# 6mmX45



## airforcehobit (Aug 6, 2008)

This is a project i just finished i carried this over from handloading cause it fits here better if you want back info look there.
Anyone have any info on the round please chime in.
I build this to be my new coyote gun but the parts took to long for this season.

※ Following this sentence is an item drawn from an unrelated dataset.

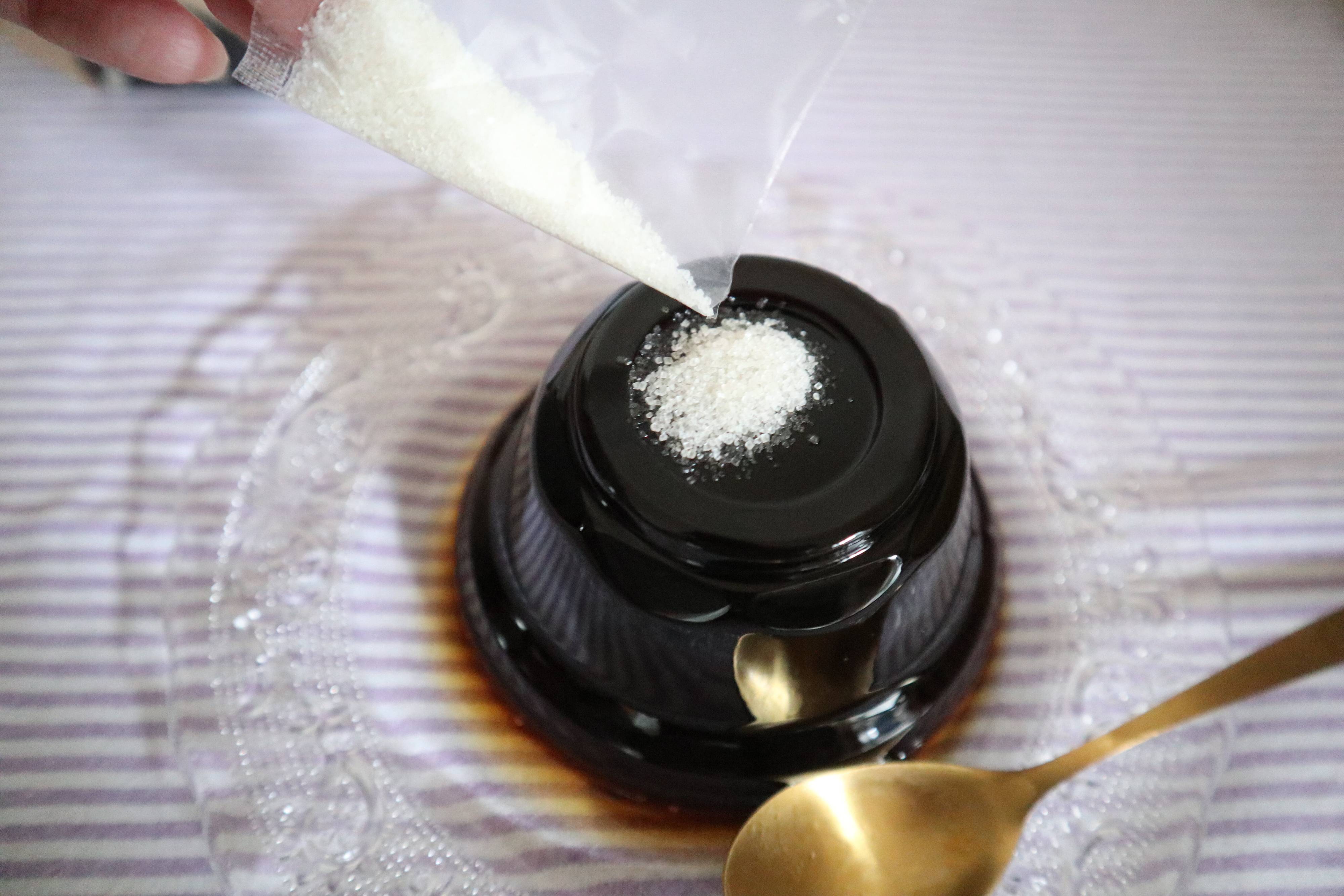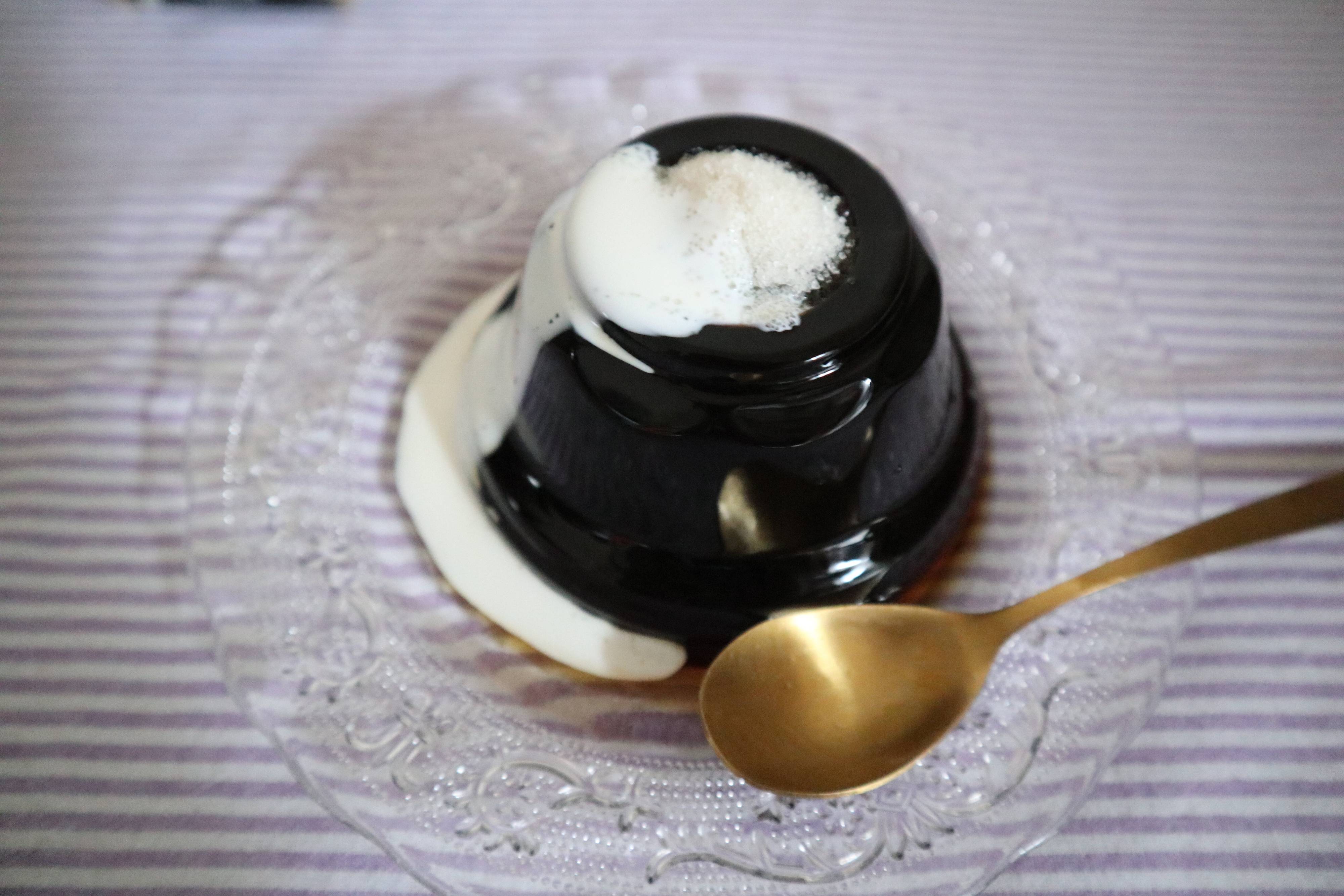 コーヒーゼリーを容器から出すときに、底が上になるように出すとコーヒーシュガーをのせるポケットがあります。
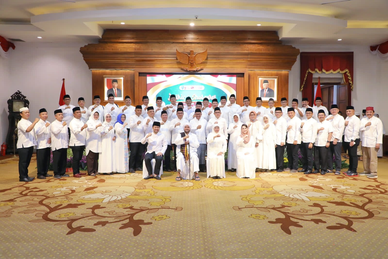Tak hanya Gubernur Khofifah, Wagub Jatim Emil Elestianto Dardak, Forkopimda Jatim, Sekdaprov Jatim, beberapa Bupati/Walikota, Ketua TP PKK Jatim, Kepala OPD dan BUMD Pemprov Jatim, tampak khusyuk bersama jamaah yang biasa disebut Syekhermania dari berbagai daerah di Jatim mengikuti seluruh rangkaian dzikir dan sholawat.

So far i have shot 55 gr noslers and they are the ones used to punch the groups you see in the pics. 100yds and 3190fps

The rounds pictured are the 223 and the 6mmx45 the pic does not do it justice. 6mm look nice and chunky.


----------



## airforcehobit (Aug 6, 2008)

the group to the right of my thumb was 8 rounds from prone in the dirt. I want to try some heavier rounds. more to come


----------



## xdeano (Jan 14, 2005)

that's a nice little group.  Looks good, i want to shoot it!

xdeano


----------



## SDHandgunner (Jun 22, 2004)

My only experience with the 6x45 has been in a Remington Xp-100 Handgun and T/C Contender Handgun. It is an excellent cartridge if the owner / shooter can accept the limitations of it's smallish case capacity. However in my experience it does exceptionally well with that smallish case capacity.

In the 15" Handgun Barrels I was running 60gr. Sierra Hollow Points at 2950 FPS, 70gr. Hornady SX at 2800 FPS and 80gr. Speer Hot Core Spitzers at 2650 FPS. Both my Remington XP-100 and Custom Contender Barrels had a 1 in 12" Twist and would shoot 5 of each of the above bullets into a 1" group at 100 yards (yes all 15 rounds from 3 different loads with 3 different bullets).

I did shoot a few Whitetails and lots of Varmints with the 6x45 but never a Coyote. The 6x45 in the Remington XP-100 Handgun accounted for one of the longesst handgun kills I have made on a Whitetail and it was a one shot kill.

I have always toyed with the idea of an AR Upper Receiver Assembly in 6x45 but so far have not made that idea come true as yet. Maybe some day.

In addition to the Handguns in 6x45 I have also hunted with Handguns chambered in 6mmT/CU (which is nothing more than an improved 6x45). I did shoot two Coyotes at around 200 yards with the 6mm T/CU using 55gr. Nosler Ballistic Tips pushed to 3045 FPS (muzzle velocity) by Hodgdon Benchmark. I'd like to say that both were one shot kills but I hit the first one a bit far back and he required a second shot. However the second one was a one shot kill.

Larry


----------